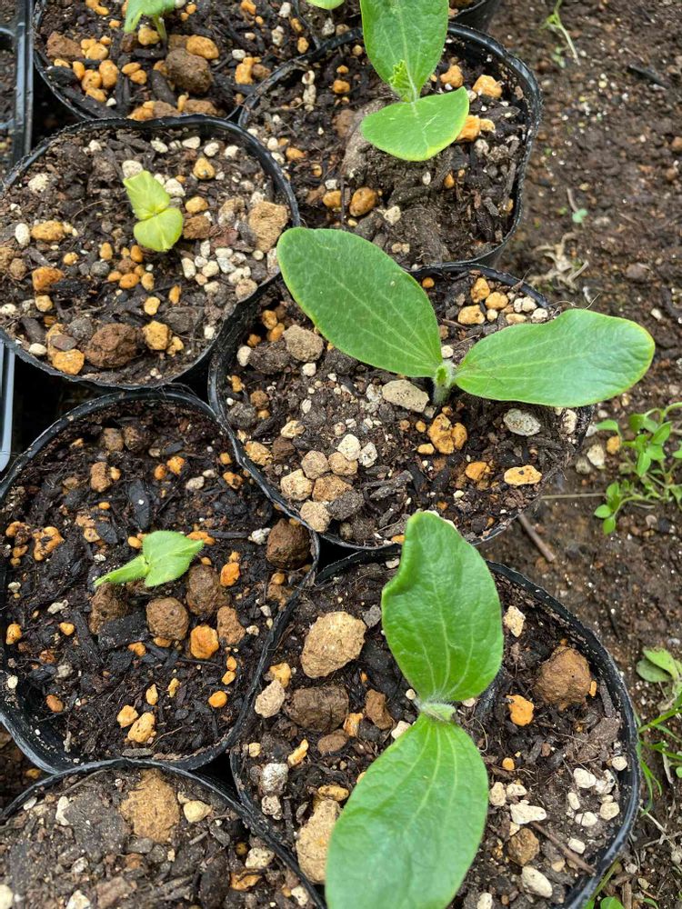オクラとズッキーニの芽、発芽✨😃やっとここまでになりました😂❣️
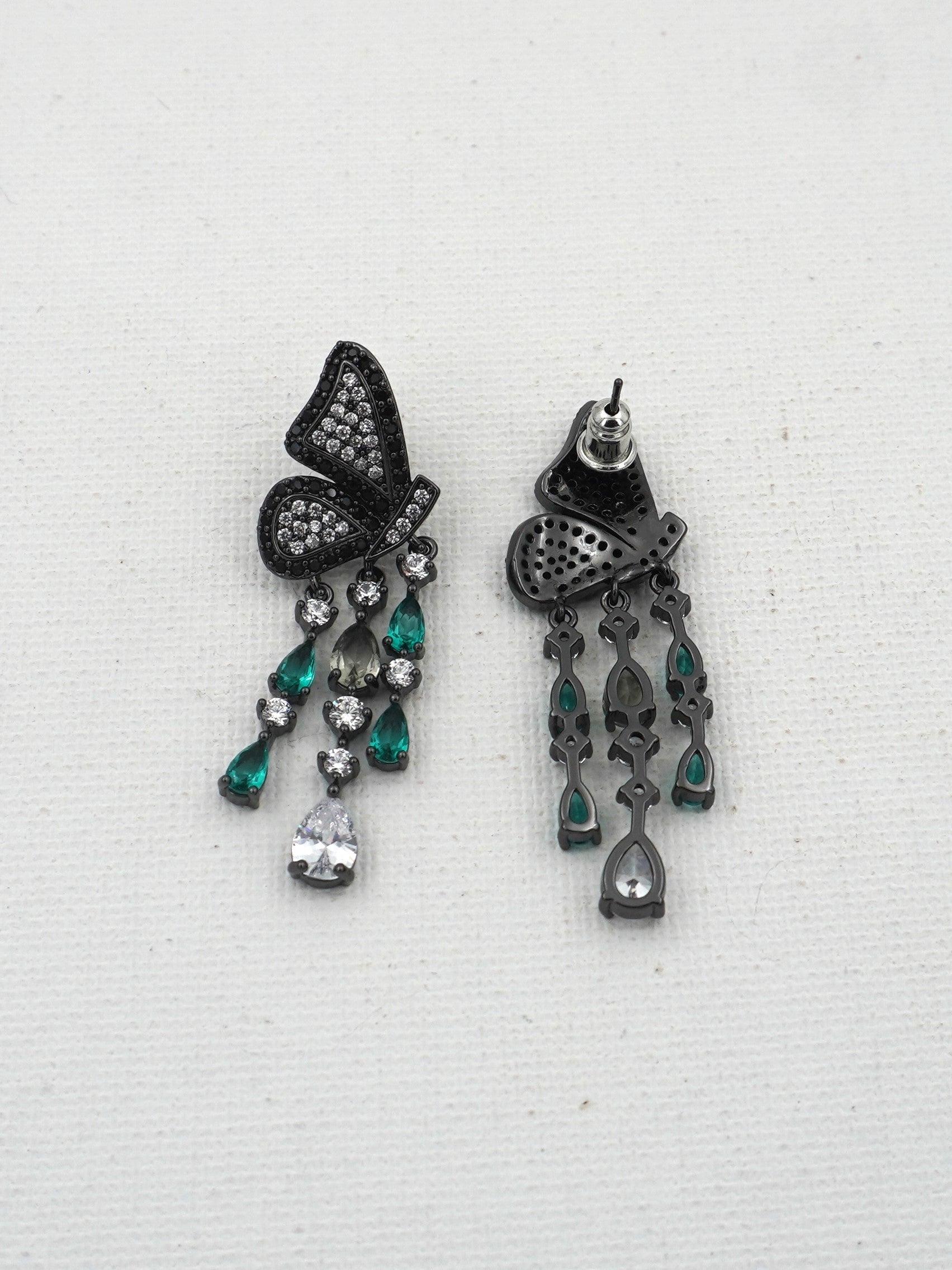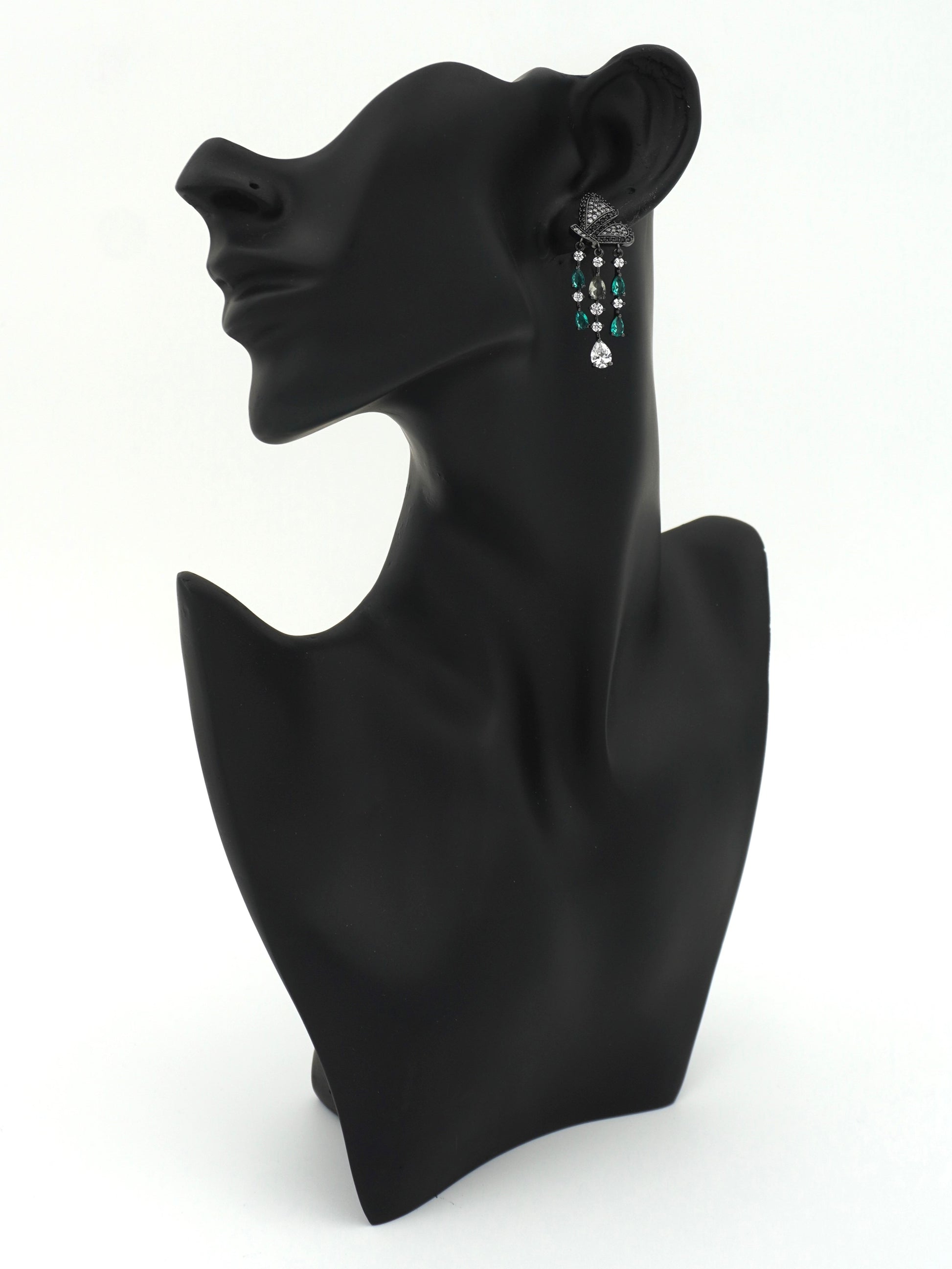 "Dangler earrings" are a type of earring characterized by a design that hangs down below the earlobe, creating a dangling effect. They are typically attached to the earlobe with a stud or hook and feature a decorative element that extends below the earlobe. Dangler earrings come in various styles, lengths, and designs, ranging from simple chains or single gemstones to more elaborate designs with multiple components such as beads, charms, feathers, or intricate metalwork. They are popular for adding movement and a stylish accent to an outfit, often worn for both casual and formal occasions depending on their design and materials.
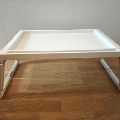 Selger pent brukt sengebord fra IKEA for kr 50. Sammenleggbart. En liten låse knott er knett men kan fint brukes allikevel. Hovedløsningen er ok på begge føtter. Tåler ikke 5 kg men en pc går fint.😊
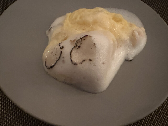特に美味しかったのが、黒トリュフのスフレトルティージャ。マドリードにはないメニューで日本オリジナルだそうです。というのも、隠し味にお味噌(確か西京味噌だったかと。。。覚えていたのにメモしておらず)が使われているということなのです。ガツンと黒トリュフが主張するふわふわスフレオムレツ。オムレツは(海老出汁かな?)の旨みがあり、その奥で味噌が奏でるというハーモニーが絶妙でした。
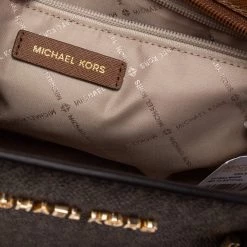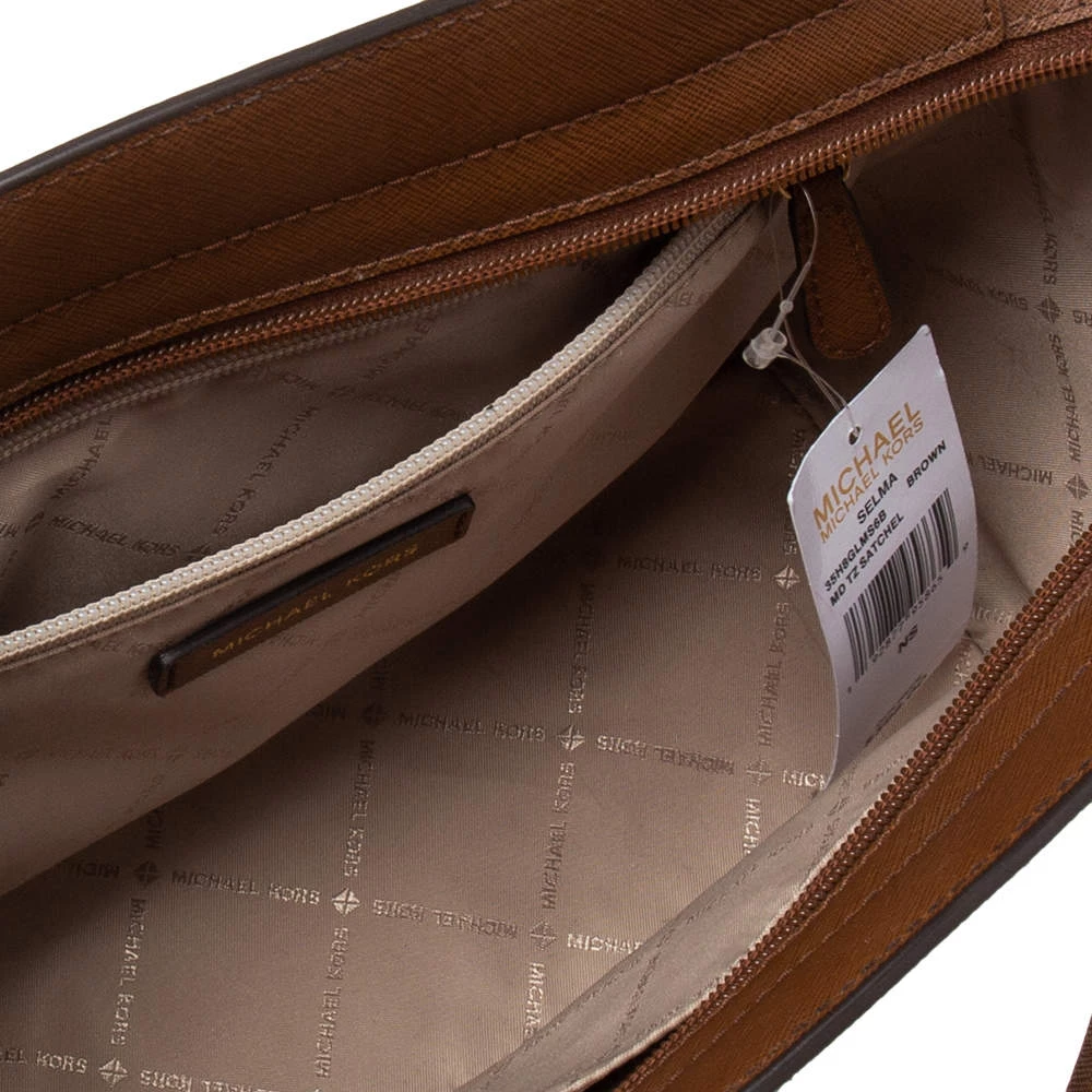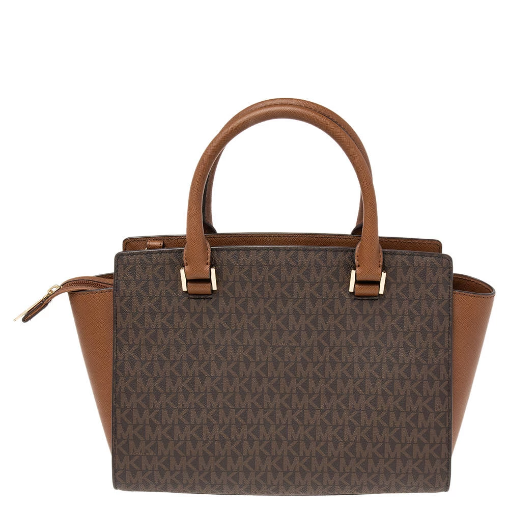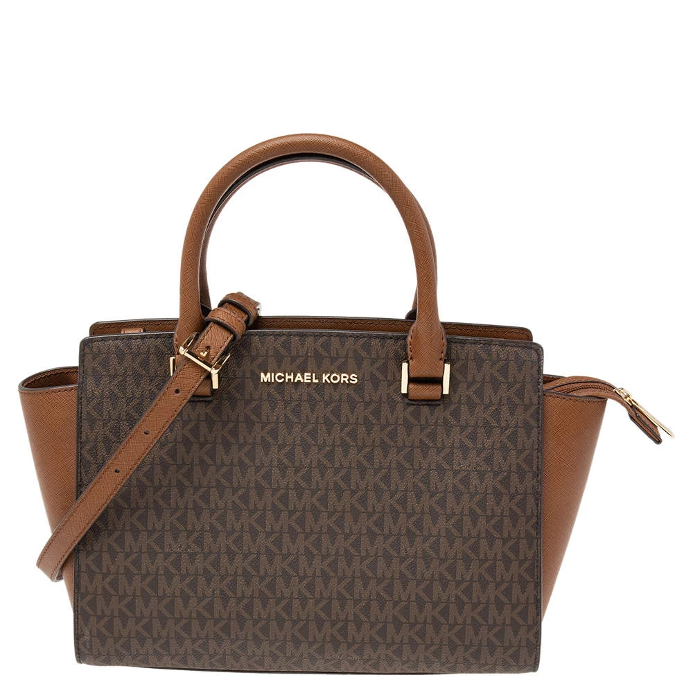 This Selma satchel from Michael Kors is both elegant and fashionable. Crafted from brown coated canvas and leather, this bag features a gold-toned logo embellishment on the front and a nylon-lined interior. It has dual handles. This exquisite satchel will complete all your ensembles with perfection.
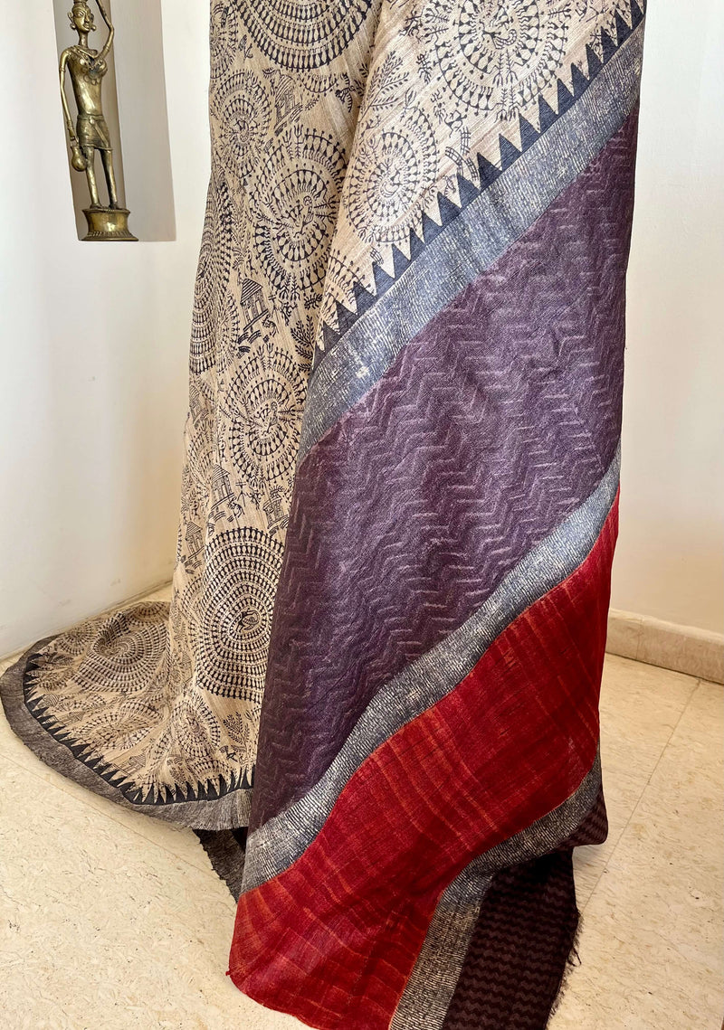 This Tussar silk saree beautifully merges tradition with bold design. The silverish grey border features small temple motifs, adding a touch of heritage. The body of the saree is adorned with intricate village art, telling a story through its detailed patterns. The aanchal contrasts in brownish purple and red, with bands of silver grey, creating a stunning visual effect. Draping with ease, the saree enhances your silhouette while making a statement. Perfect for festive occasions or cultural events, it pairs effortlessly with both contemporary and traditional blouses, showcasing the beauty of craftsmanship and culture.
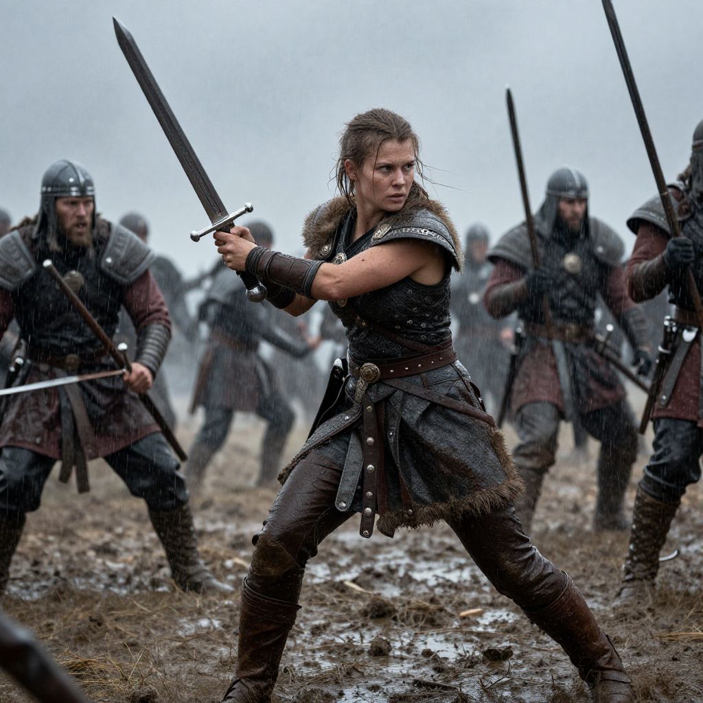 A fierce, mud-covered Viking warrior woman with short brown hair and a giant sword, fighting in a muddy battlefield under heavy rain, surrounded by soldiers in an epic battle.
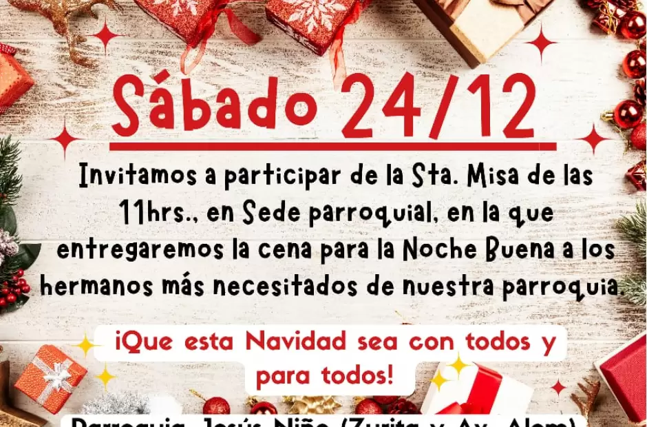 Este sábado 24 de diciembre a las 11.00, se celebrará la Santa Misa en la que se hará entrega de las viandas de Navidad a 100 familias de la comunidad parroquial de Jesús Niño.
____________
Type the listing out again word for word, passing over each picture.

オクラとズッキーニの芽、発芽✨😃やっとここまでになりました😂❣️
 "Dangler earrings" are a type of earring characterized by a design that hangs down below the earlobe, creating a dangling effect. They are typically attached to the earlobe with a stud or hook and feature a decorative element that extends below the earlobe. Dangler earrings come in various styles, lengths, and designs, ranging from simple chains or single gemstones to more elaborate designs with multiple components such as beads, charms, feathers, or intricate metalwork. They are popular for adding movement and a stylish accent to an outfit, often worn for both casual and formal occasions depending on their design and materials.
 Selger pent brukt sengebord fra IKEA for kr 50. Sammenleggbart. En liten låse knott er knett men kan fint brukes allikevel. Hovedløsningen er ok på begge føtter. Tåler ikke 5 kg men en pc går fint.😊
特に美味しかったのが、黒トリュフのスフレトルティージャ。マドリードにはないメニューで日本オリジナルだそうです。というのも、隠し味にお味噌(確か西京味噌だったかと。。。覚えていたのにメモしておらず)が使われているということなのです。ガツンと黒トリュフが主張するふわふわスフレオムレツ。オムレツは(海老出汁かな?)の旨みがあり、その奥で味噌が奏でるというハーモニーが絶妙でした。
 This Selma satchel from Michael Kors is both elegant and fashionable. Crafted from brown coated canvas and leather, this bag features a gold-toned logo embellishment on the front and a nylon-lined interior. It has dual handles. This exquisite satchel will complete all your ensembles with perfection.
 This Tussar silk saree beautifully merges tradition with bold design. The silverish grey border features small temple motifs, adding a touch of heritage. The body of the saree is adorned with intricate village art, telling a story through its detailed patterns. The aanchal contrasts in brownish purple and red, with bands of silver grey, creating a stunning visual effect. Draping with ease, the saree enhances your silhouette while making a statement. Perfect for festive occasions or cultural events, it pairs effortlessly with both contemporary and traditional blouses, showcasing the beauty of craftsmanship and culture.
 A fierce, mud-covered Viking warrior woman with short brown hair and a giant sword, fighting in a muddy battlefield under heavy rain, surrounded by soldiers in an epic battle.
 Este sábado 24 de diciembre a las 11.00, se celebrará la Santa Misa en la que se hará entrega de las viandas de Navidad a 100 familias de la comunidad parroquial de Jesús Niño.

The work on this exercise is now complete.